Provided data
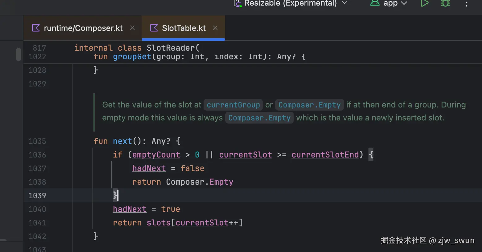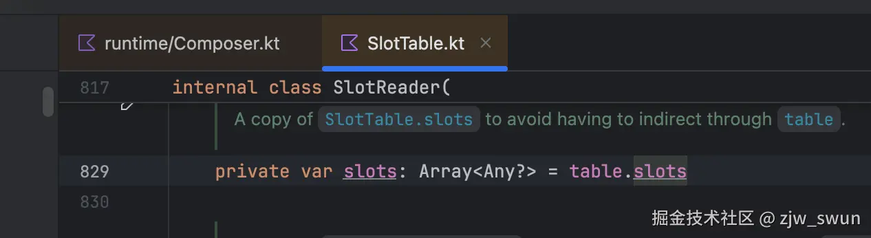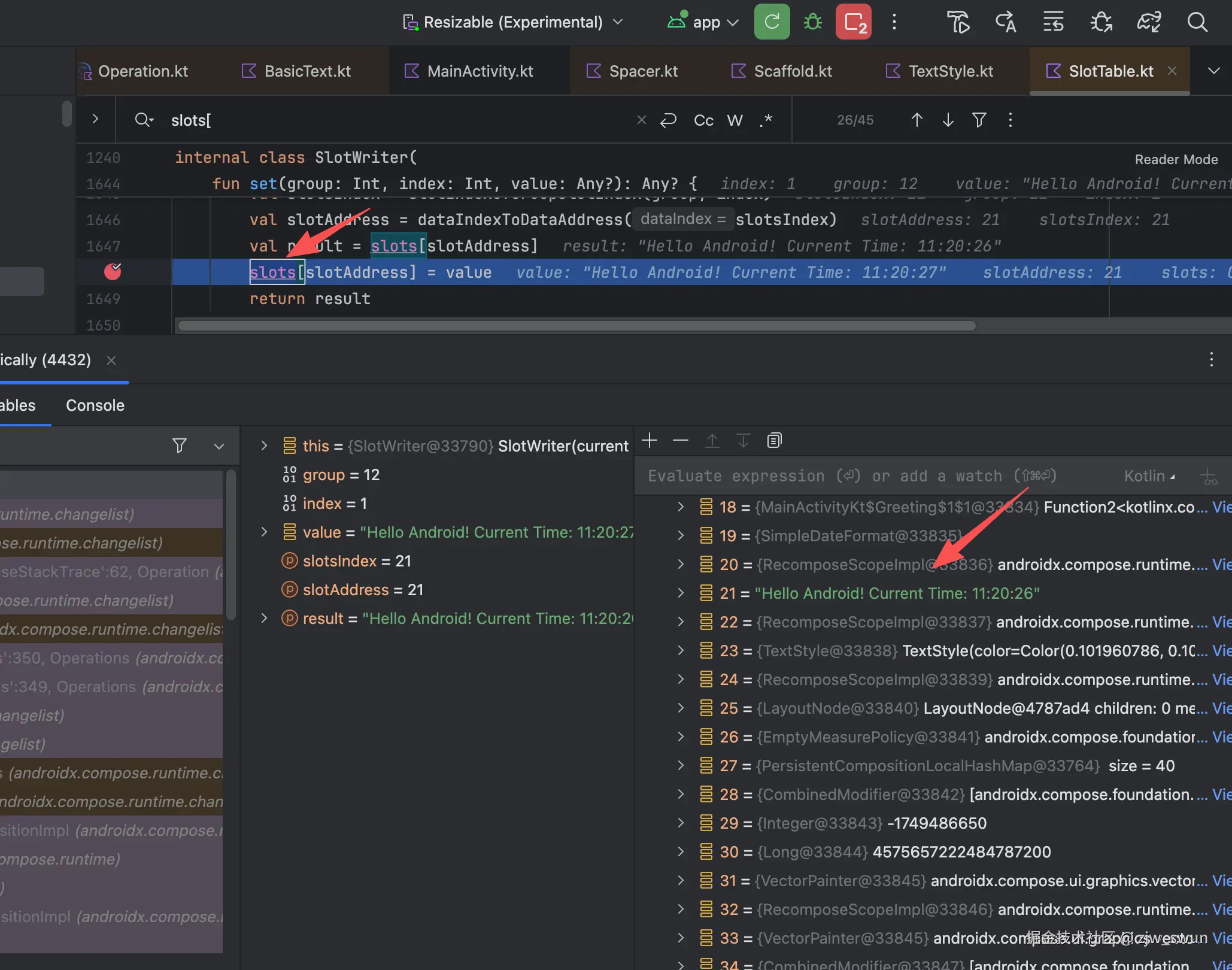 可以看到slots中存储了整个ComposeView中所有入参值是以Array数组的形式,这里就涉及到Composer changed方法为什么要调用nextSlot()和Composerable方法反编译后为什么都有如下3个方法调用
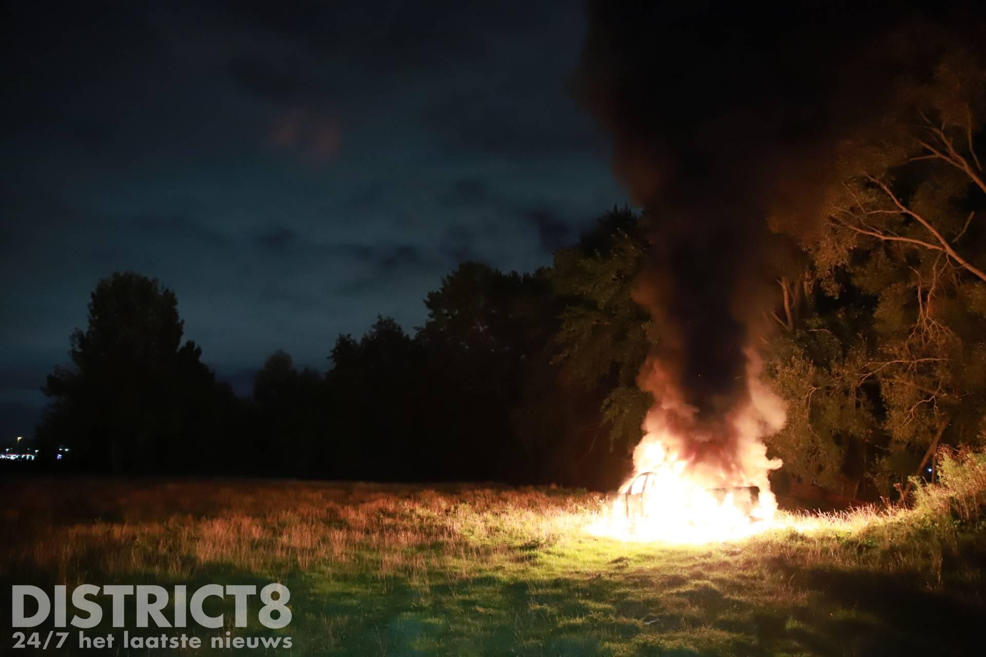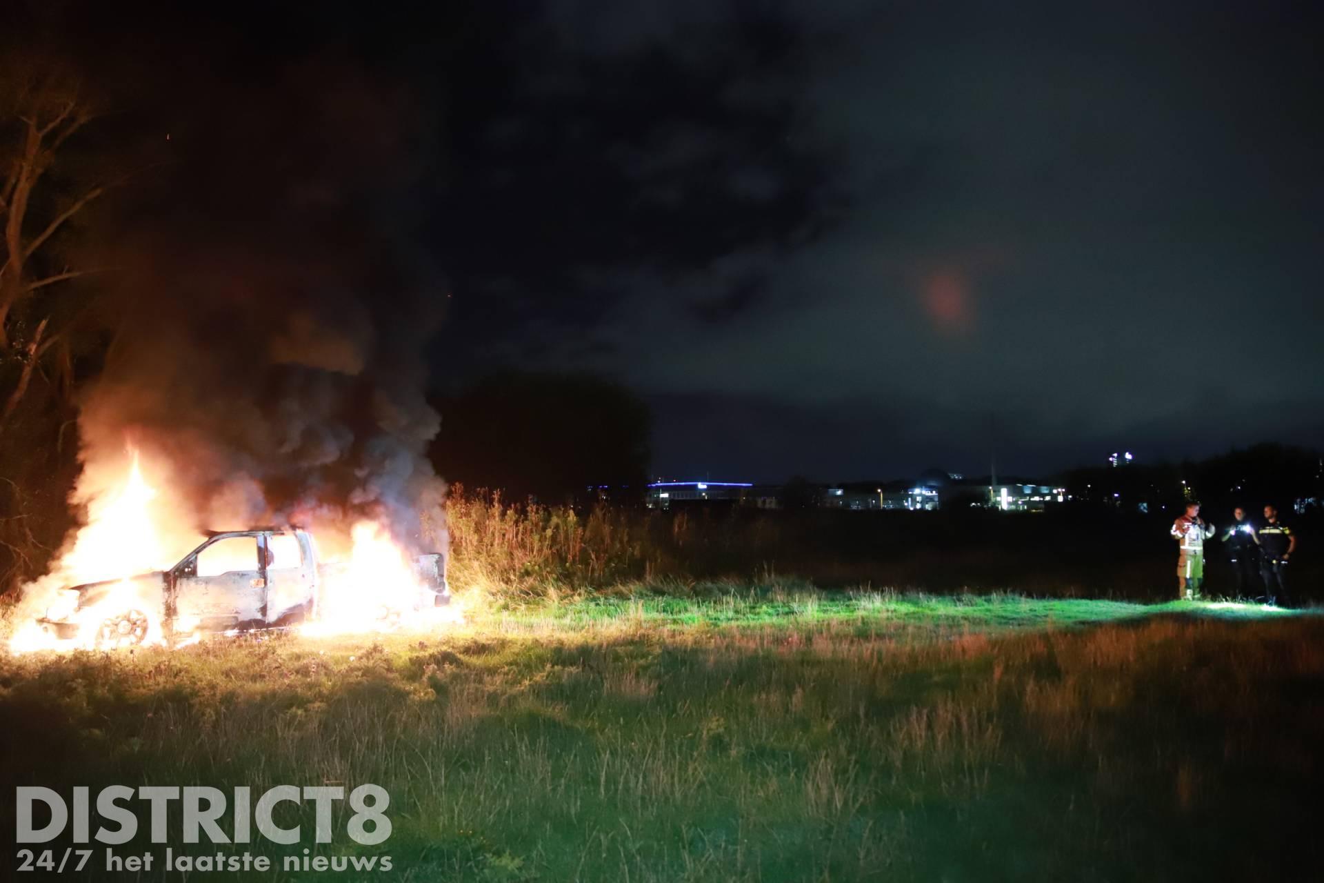Delft – Op een verlaten weiland tussen de Thijsseweg en de A13 bij Delft heeft dinsdagavond 20 september een pick-up in brand gestaan.
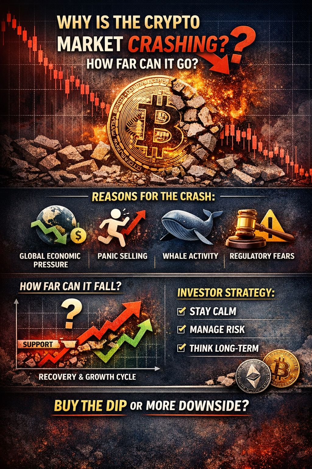 The crypto market is currently experiencing a strong correction, with Bitcoin and major altcoins under heavy pressure. Many investors are asking: Why is the market crashing, and how much further can it fall?
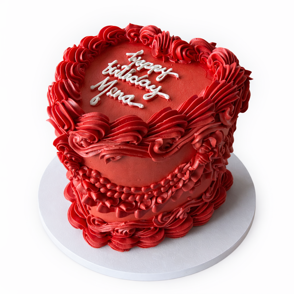 Elegant vintage style cake with beautiful patterns. Choice of round or heart shaped
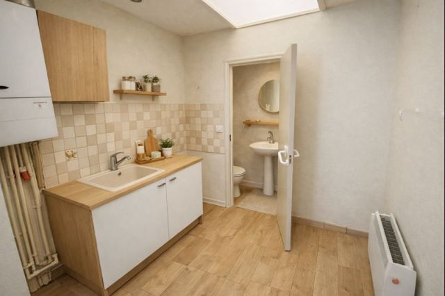 Elle se compose : au RDC, salon/séjour, cuisine, salle d'eau avec WC.
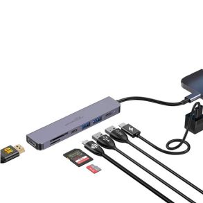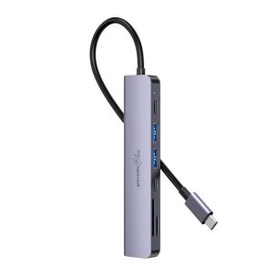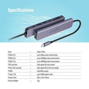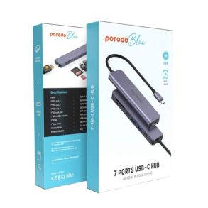 Porodo 7 In 1 Hub HDMI 2XUSB-A 2XUSB-C SD MicroSD is exactly what you need! It transfers data with high-speed micro SD and SD card readers. USB-A 2.0 and USB-C ports ensure swift data transmission up to 480Mbps, while USB-A 3.0 takes it a notch higher with speeds of up to 5Gbps. Type-C PD port supports power inputs of up to 100W, offering efficient charging. Integrate your multimedia experience with hub's HDMI output, delivering 4K resolution at 30Hz.This hub is a perfect choice for efficient data management and multimedia connectivity.
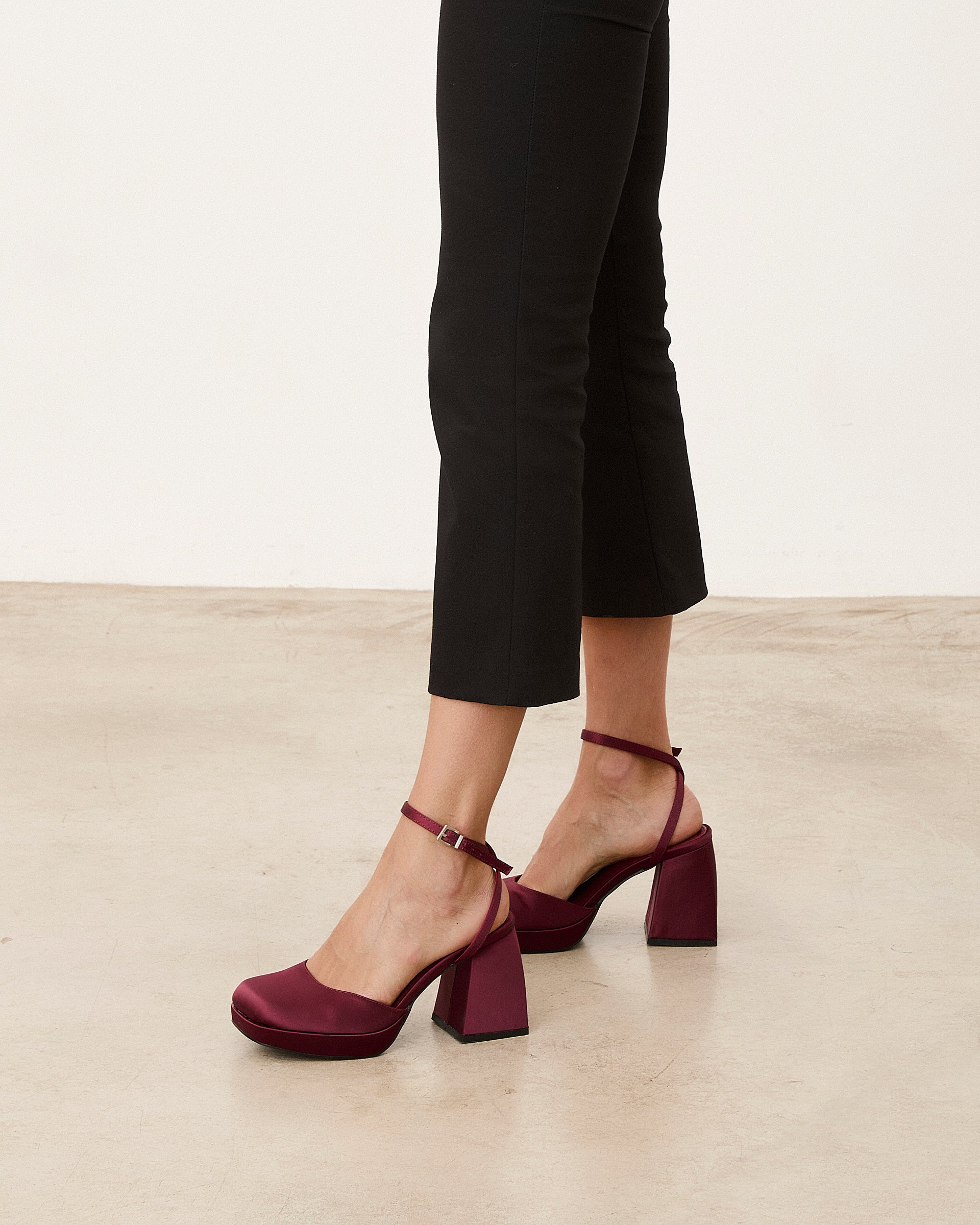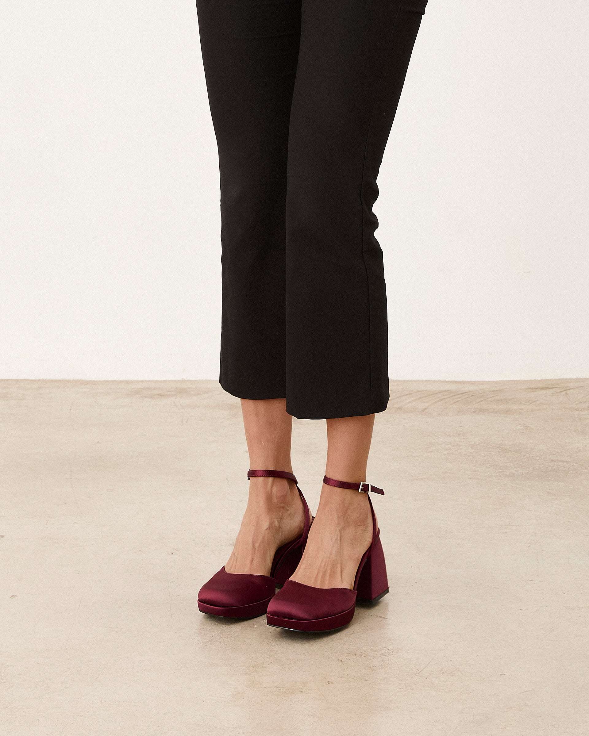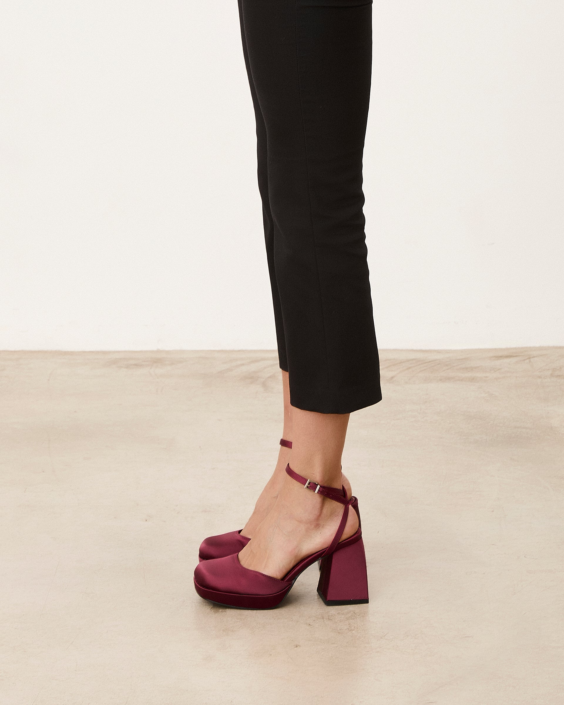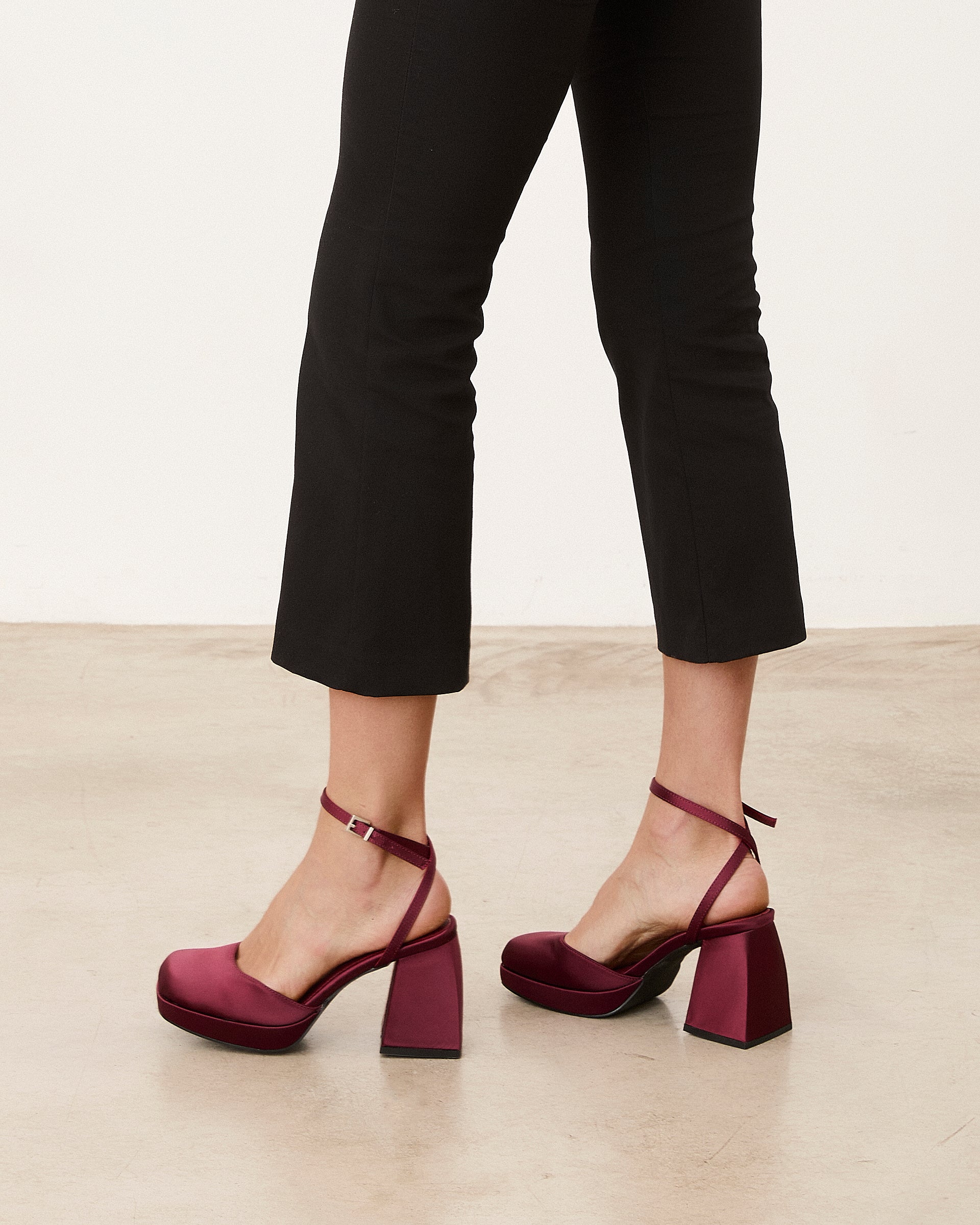 Chaussure à talon fermé en satin bordeaux. Deux sangles pour le maintien de la cheville.
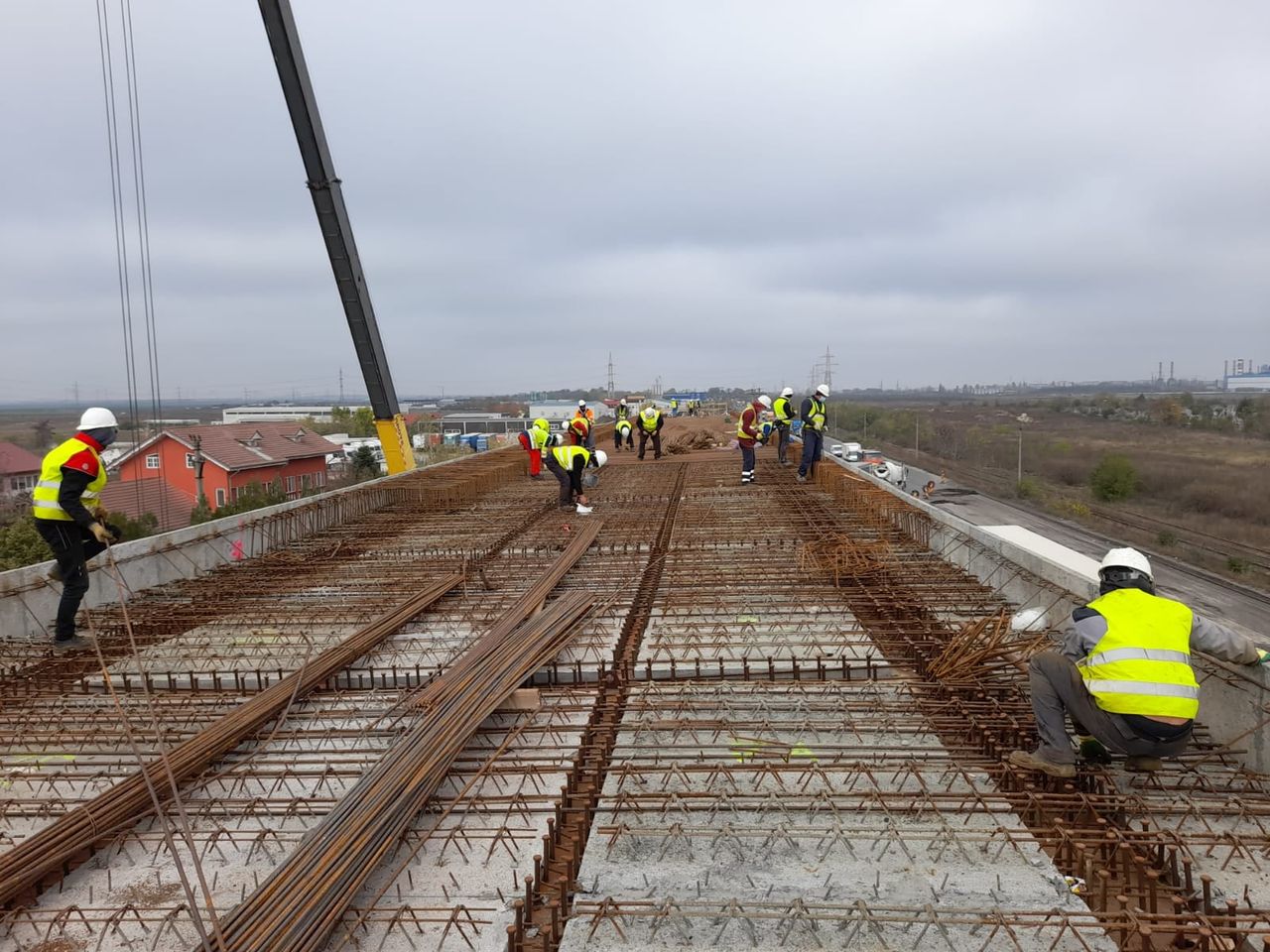 - ”După ce s-au finalizat armarea și montarea elementelor de margine la rampa de coborâre spre Bragadiru, a început turnarea betonului la placa de supra-betonare.

Task instructions
Starting at the top of the listing above, reproduce each line up to and including the one with "Elle se compose"; omit the pictures.

Response for this exercise
 可以看到slots中存储了整个ComposeView中所有入参值是以Array数组的形式,这里就涉及到Composer changed方法为什么要调用nextSlot()和Composerable方法反编译后为什么都有如下3个方法调用
Delft – Op een verlaten weiland tussen de Thijsseweg en de A13 bij Delft heeft dinsdagavond 20 september een pick-up in brand gestaan.
 The crypto market is currently experiencing a strong correction, with Bitcoin and major altcoins under heavy pressure. Many investors are asking: Why is the market crashing, and how much further can it fall?
 Elegant vintage style cake with beautiful patterns. Choice of round or heart shaped
 Elle se compose : au RDC, salon/séjour, cuisine, salle d'eau avec WC.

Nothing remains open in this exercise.